• **What to do**: The whole listing below should be printed again exactly, with no images.

• **Records shown**:
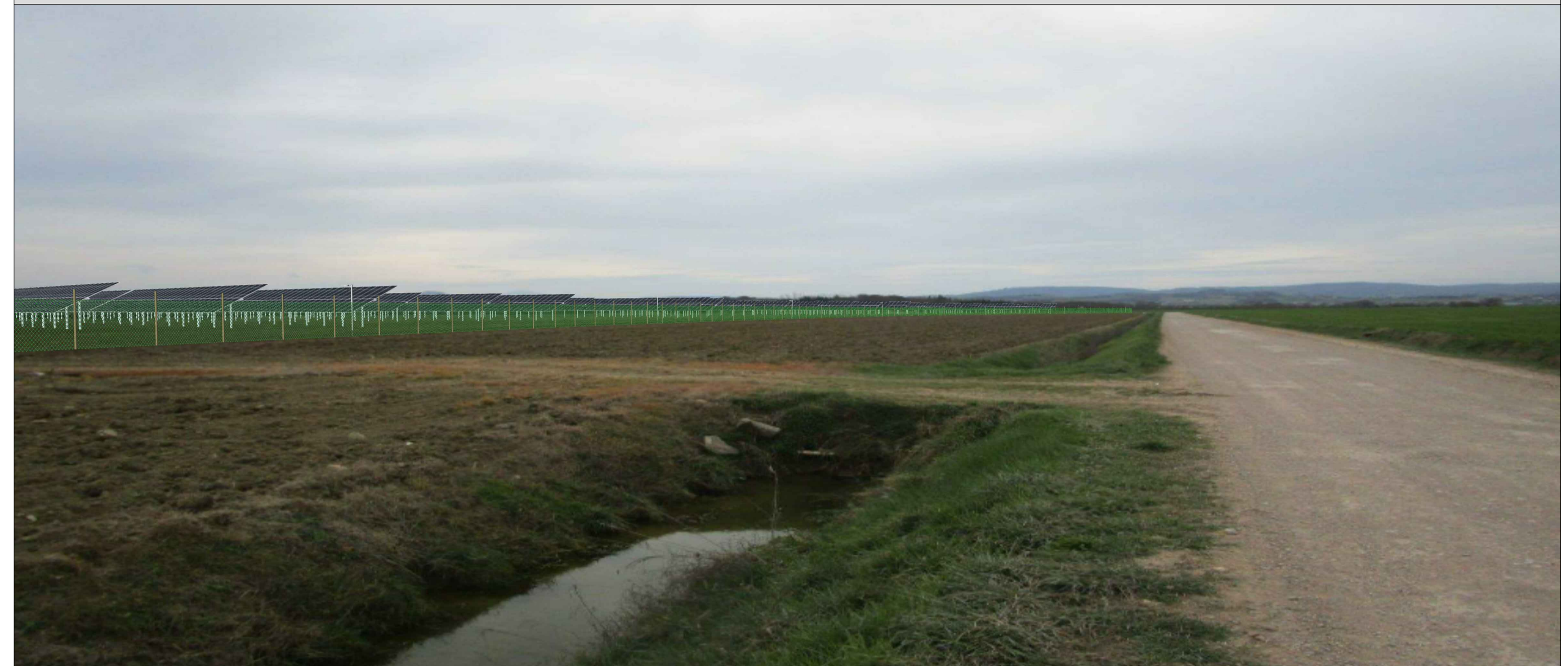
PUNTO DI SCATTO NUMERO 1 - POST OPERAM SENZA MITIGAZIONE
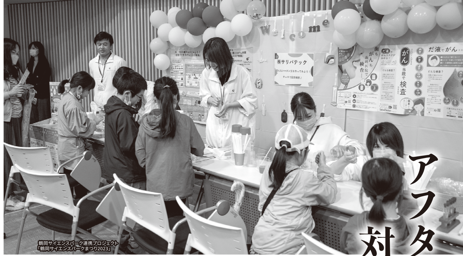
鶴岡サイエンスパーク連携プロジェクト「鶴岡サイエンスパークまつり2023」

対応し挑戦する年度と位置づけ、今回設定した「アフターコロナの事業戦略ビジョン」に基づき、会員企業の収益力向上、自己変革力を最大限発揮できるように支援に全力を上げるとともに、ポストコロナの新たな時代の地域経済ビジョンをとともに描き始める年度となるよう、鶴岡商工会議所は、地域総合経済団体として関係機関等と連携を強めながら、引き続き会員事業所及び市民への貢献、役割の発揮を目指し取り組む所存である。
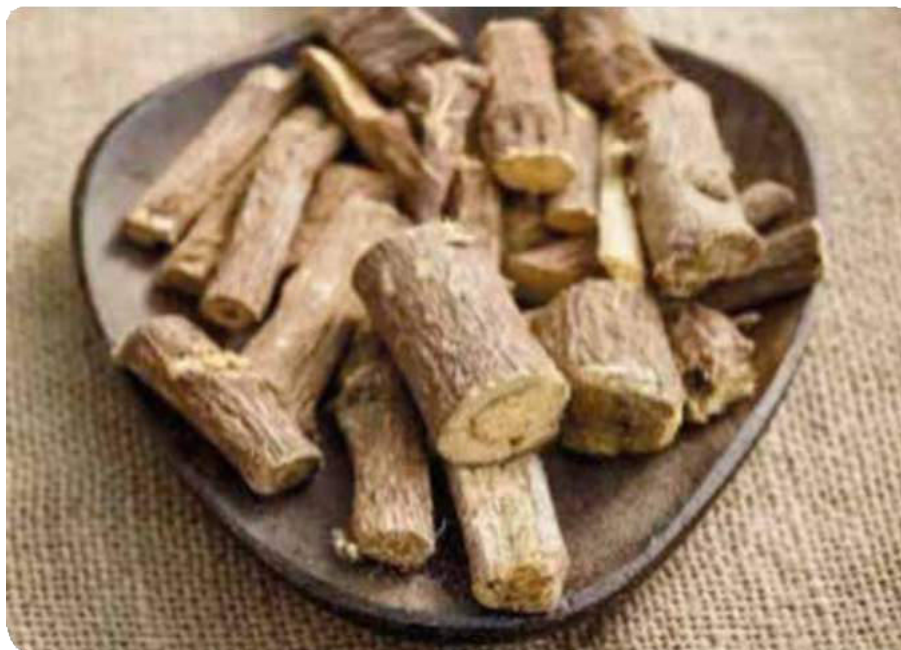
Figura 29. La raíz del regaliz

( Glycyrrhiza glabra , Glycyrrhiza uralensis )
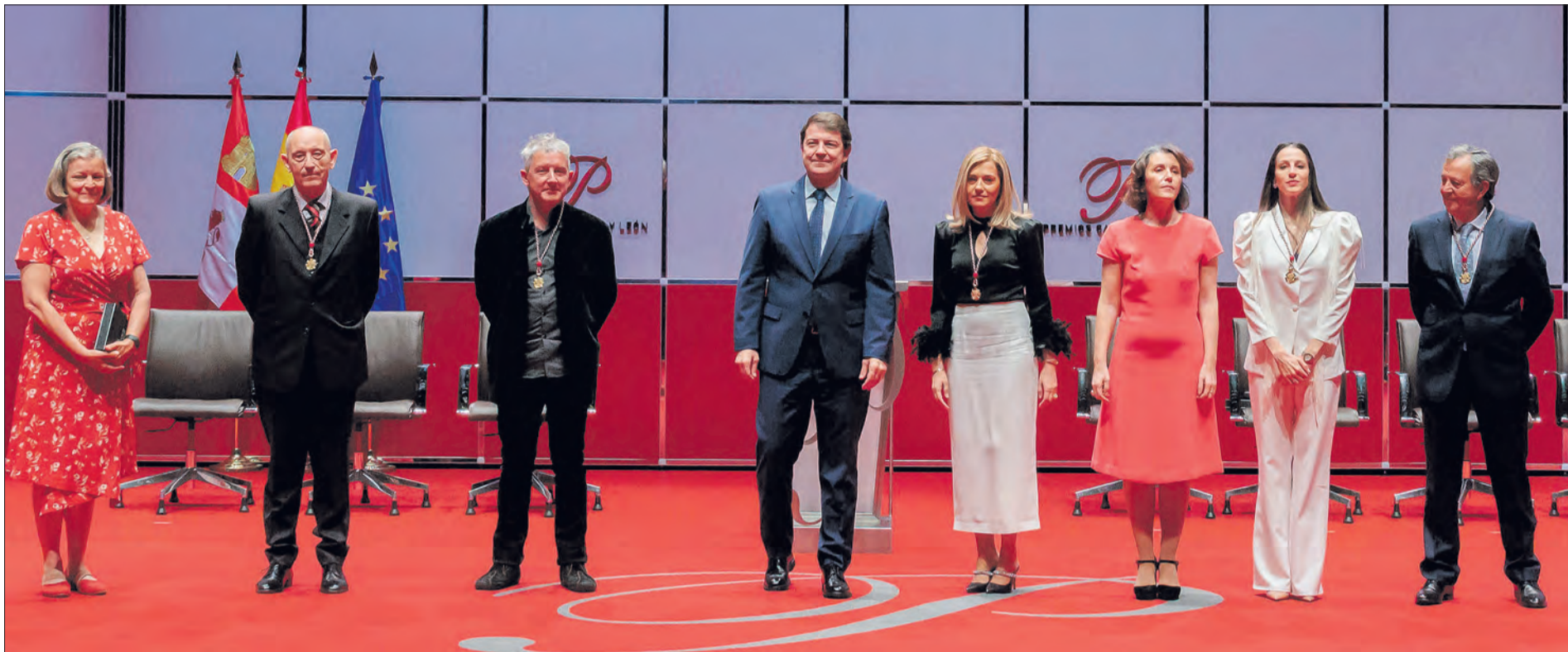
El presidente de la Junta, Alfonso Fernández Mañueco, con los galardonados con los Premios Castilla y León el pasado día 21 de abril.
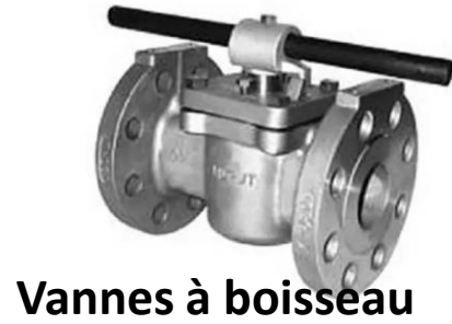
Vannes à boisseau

• **Response to the task**:
PUNTO DI SCATTO NUMERO 1 - POST OPERAM SENZA MITIGAZIONE
鶴岡サイエンスパーク連携プロジェクト「鶴岡サイエンスパークまつり2023」

対応し挑戦する年度と位置づけ、今回設定した「アフターコロナの事業戦略ビジョン」に基づき、会員企業の収益力向上、自己変革力を最大限発揮できるように支援に全力を上げるとともに、ポストコロナの新たな時代の地域経済ビジョンをとともに描き始める年度となるよう、鶴岡商工会議所は、地域総合経済団体として関係機関等と連携を強めながら、引き続き会員事業所及び市民への貢献、役割の発揮を目指し取り組む所存である。
Figura 29. La raíz del regaliz

( Glycyrrhiza glabra , Glycyrrhiza uralensis )
El presidente de la Junta, Alfonso Fernández Mañueco, con los galardonados con los Premios Castilla y León el pasado día 21 de abril.
Vannes à boisseau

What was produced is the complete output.